▶ The data:
+===+

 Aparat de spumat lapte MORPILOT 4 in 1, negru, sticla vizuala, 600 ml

+===+

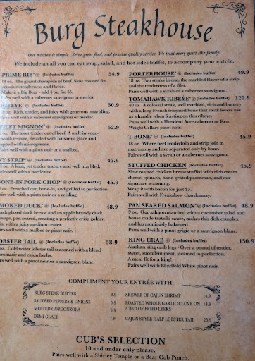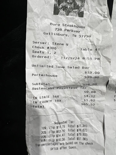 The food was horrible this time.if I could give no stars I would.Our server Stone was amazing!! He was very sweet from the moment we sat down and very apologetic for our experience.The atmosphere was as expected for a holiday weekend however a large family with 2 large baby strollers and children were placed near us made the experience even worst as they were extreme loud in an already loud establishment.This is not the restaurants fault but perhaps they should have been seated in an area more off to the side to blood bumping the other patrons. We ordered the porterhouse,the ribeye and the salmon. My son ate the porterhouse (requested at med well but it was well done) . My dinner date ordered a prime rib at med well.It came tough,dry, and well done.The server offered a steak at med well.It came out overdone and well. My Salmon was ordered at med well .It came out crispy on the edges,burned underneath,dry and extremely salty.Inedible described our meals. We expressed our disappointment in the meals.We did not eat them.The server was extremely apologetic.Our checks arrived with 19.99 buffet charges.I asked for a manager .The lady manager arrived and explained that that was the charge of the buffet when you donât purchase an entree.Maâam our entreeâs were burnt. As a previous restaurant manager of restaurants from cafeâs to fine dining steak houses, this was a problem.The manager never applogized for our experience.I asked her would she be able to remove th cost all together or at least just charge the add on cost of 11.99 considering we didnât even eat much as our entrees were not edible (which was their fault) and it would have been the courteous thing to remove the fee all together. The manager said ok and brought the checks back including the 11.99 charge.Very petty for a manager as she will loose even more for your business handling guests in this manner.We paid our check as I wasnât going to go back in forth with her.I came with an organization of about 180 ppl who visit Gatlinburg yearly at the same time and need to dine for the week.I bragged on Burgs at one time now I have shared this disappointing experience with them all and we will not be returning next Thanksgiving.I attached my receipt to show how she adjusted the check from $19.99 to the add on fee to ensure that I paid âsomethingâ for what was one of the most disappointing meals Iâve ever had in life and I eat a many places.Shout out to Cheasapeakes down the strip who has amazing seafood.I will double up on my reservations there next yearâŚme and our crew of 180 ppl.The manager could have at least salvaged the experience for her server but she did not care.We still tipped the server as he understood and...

+===+

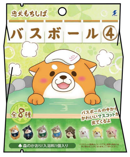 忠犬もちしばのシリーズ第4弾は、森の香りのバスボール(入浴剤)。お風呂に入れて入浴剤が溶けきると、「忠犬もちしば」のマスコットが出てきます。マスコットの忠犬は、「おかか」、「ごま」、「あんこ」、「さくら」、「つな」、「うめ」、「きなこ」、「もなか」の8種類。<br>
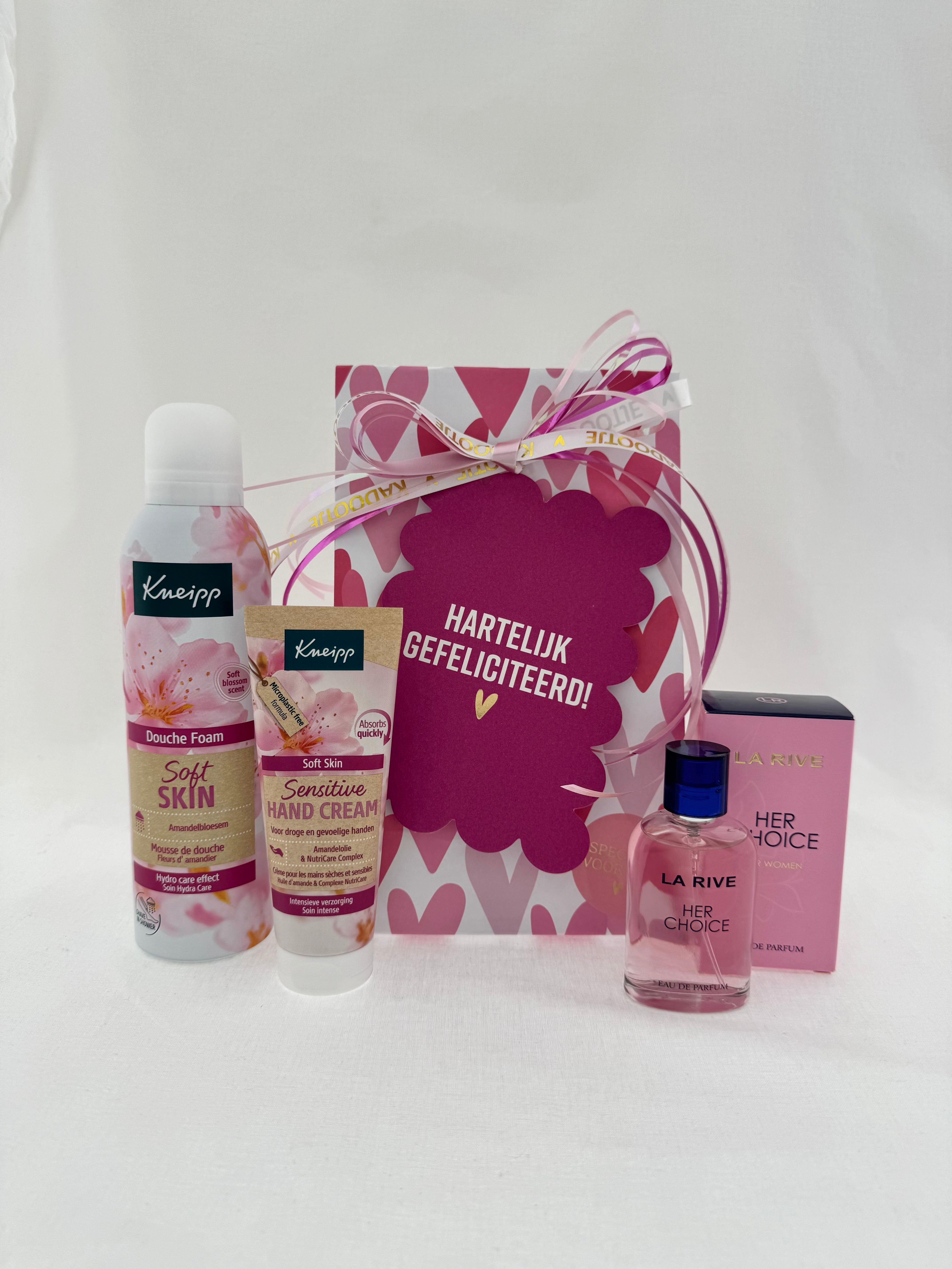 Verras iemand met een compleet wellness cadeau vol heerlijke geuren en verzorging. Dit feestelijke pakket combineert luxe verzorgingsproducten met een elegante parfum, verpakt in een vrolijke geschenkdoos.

+===+

Starting with the line that has "忠犬もちしばのシリーズ第4弾" and going on through the line that has "Verras iemand met", transcribe the records above exactly, but skip the pictures.

▶ Result:
 忠犬もちしばのシリーズ第4弾は、森の香りのバスボール(入浴剤)。お風呂に入れて入浴剤が溶けきると、「忠犬もちしば」のマスコットが出てきます。マスコットの忠犬は、「おかか」、「ごま」、「あんこ」、「さくら」、「つな」、「うめ」、「きなこ」、「もなか」の8種類。<br>
 Verras iemand met een compleet wellness cadeau vol heerlijke geuren en verzorging. Dit feestelijke pakket combineert luxe verzorgingsproducten met een elegante parfum, verpakt in een vrolijke geschenkdoos.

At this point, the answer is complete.